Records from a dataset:
- - - - -
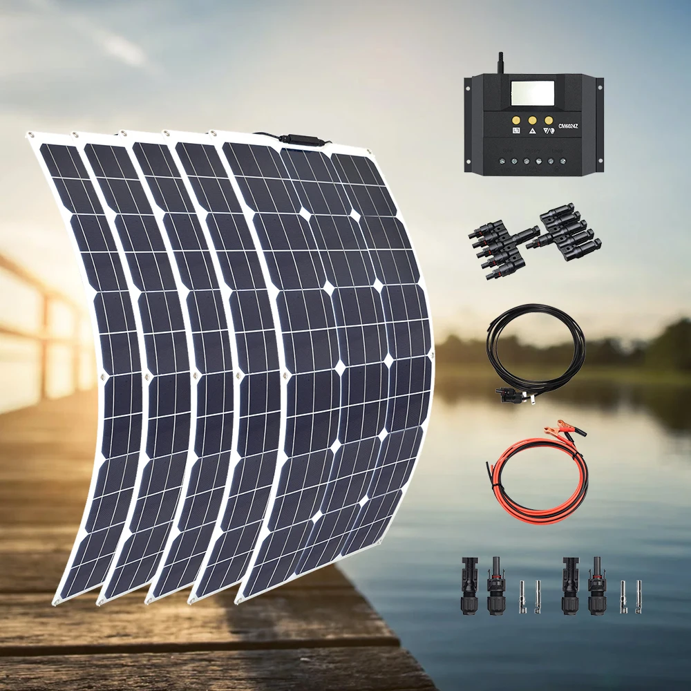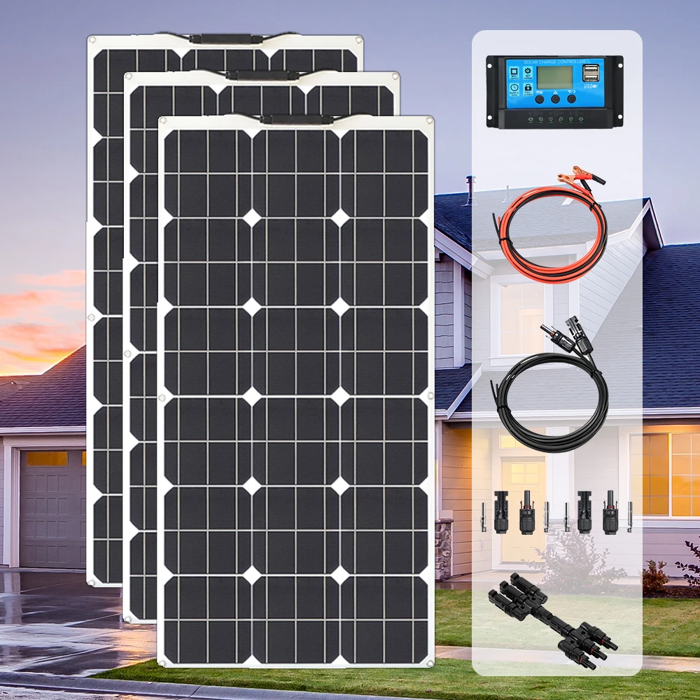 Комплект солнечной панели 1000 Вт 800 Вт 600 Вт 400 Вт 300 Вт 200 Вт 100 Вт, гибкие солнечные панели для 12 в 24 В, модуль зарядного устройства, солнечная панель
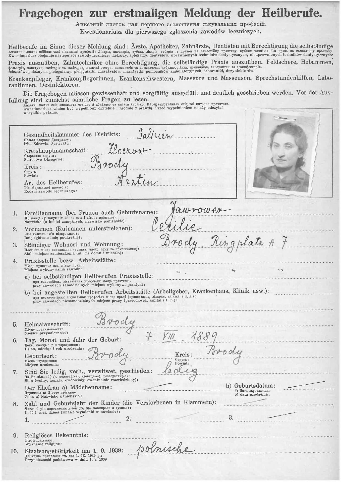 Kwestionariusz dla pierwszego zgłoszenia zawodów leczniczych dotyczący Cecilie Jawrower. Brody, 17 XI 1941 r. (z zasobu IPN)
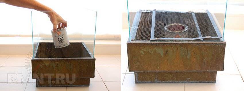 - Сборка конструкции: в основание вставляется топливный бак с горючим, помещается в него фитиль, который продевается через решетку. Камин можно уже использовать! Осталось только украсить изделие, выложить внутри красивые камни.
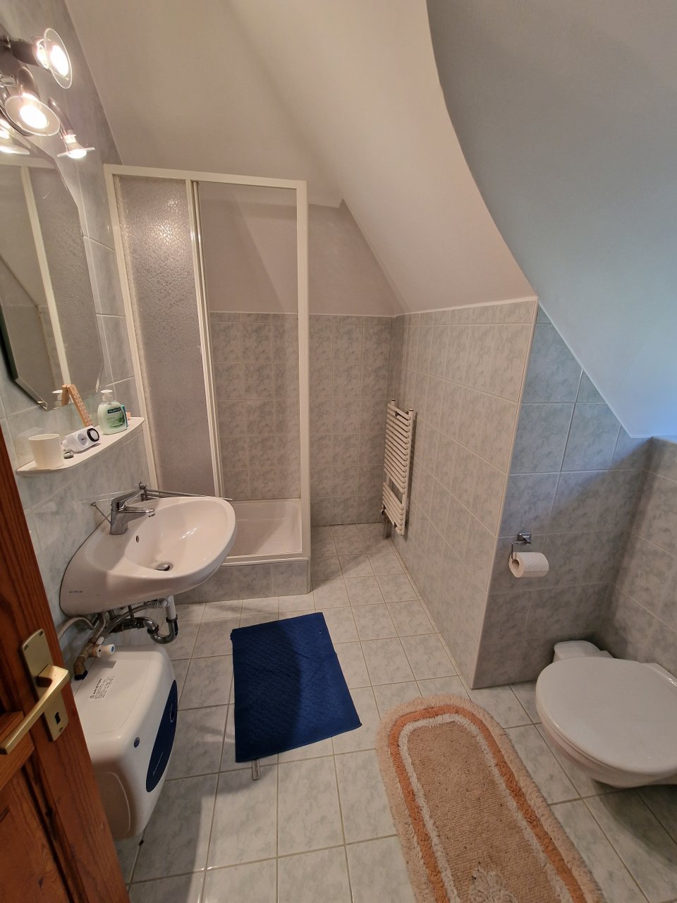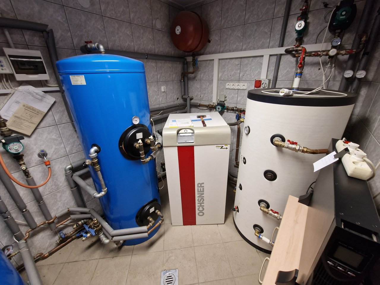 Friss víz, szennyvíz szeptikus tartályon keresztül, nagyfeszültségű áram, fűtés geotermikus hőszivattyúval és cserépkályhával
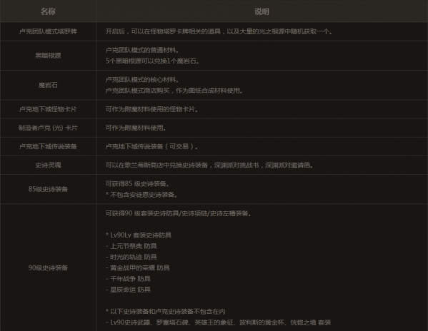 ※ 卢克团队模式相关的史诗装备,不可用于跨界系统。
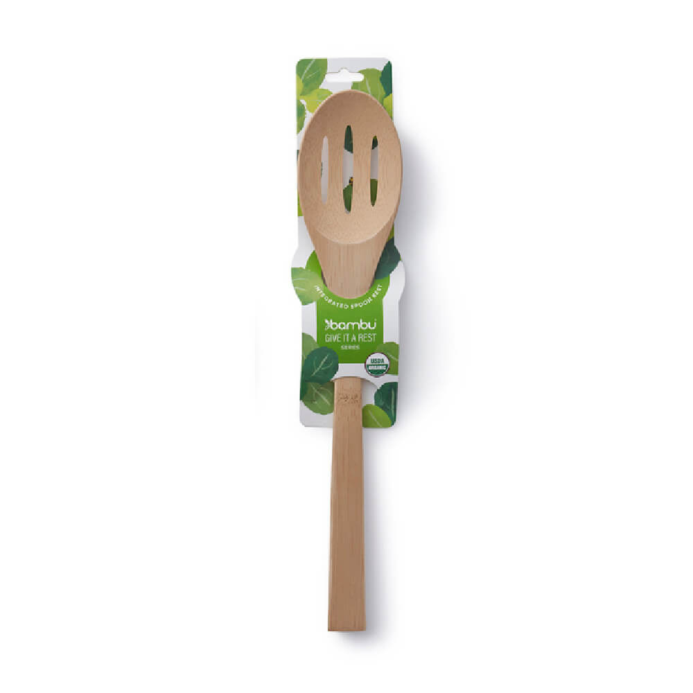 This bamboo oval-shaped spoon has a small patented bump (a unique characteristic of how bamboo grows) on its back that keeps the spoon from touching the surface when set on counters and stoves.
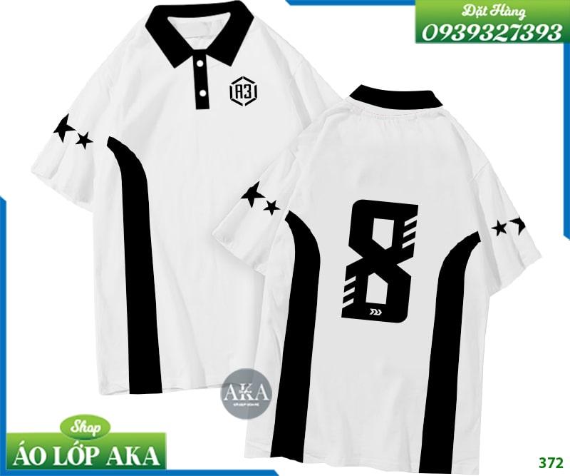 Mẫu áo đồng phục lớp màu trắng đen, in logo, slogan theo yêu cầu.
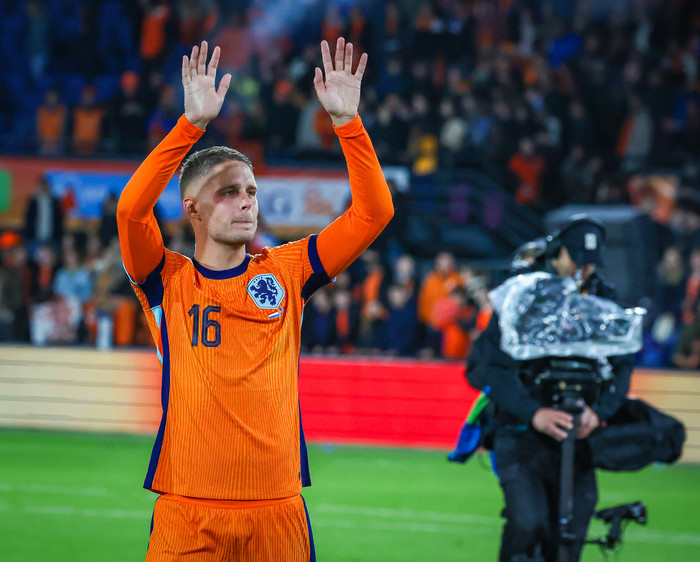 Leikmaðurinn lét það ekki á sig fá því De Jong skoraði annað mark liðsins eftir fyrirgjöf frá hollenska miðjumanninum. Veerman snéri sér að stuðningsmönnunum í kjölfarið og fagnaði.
- - - - -
BRIEF — Each line above should be printed again exactly, though the pictures should not be.

ANSWER —
 Комплект солнечной панели 1000 Вт 800 Вт 600 Вт 400 Вт 300 Вт 200 Вт 100 Вт, гибкие солнечные панели для 12 в 24 В, модуль зарядного устройства, солнечная панель
 Kwestionariusz dla pierwszego zgłoszenia zawodów leczniczych dotyczący Cecilie Jawrower. Brody, 17 XI 1941 r. (z zasobu IPN)
 - Сборка конструкции: в основание вставляется топливный бак с горючим, помещается в него фитиль, который продевается через решетку. Камин можно уже использовать! Осталось только украсить изделие, выложить внутри красивые камни.
 Friss víz, szennyvíz szeptikus tartályon keresztül, nagyfeszültségű áram, fűtés geotermikus hőszivattyúval és cserépkályhával
 ※ 卢克团队模式相关的史诗装备,不可用于跨界系统。
 This bamboo oval-shaped spoon has a small patented bump (a unique characteristic of how bamboo grows) on its back that keeps the spoon from touching the surface when set on counters and stoves.
 Mẫu áo đồng phục lớp màu trắng đen, in logo, slogan theo yêu cầu.
 Leikmaðurinn lét það ekki á sig fá því De Jong skoraði annað mark liðsins eftir fyrirgjöf frá hollenska miðjumanninum. Veerman snéri sér að stuðningsmönnunum í kjölfarið og fagnaði.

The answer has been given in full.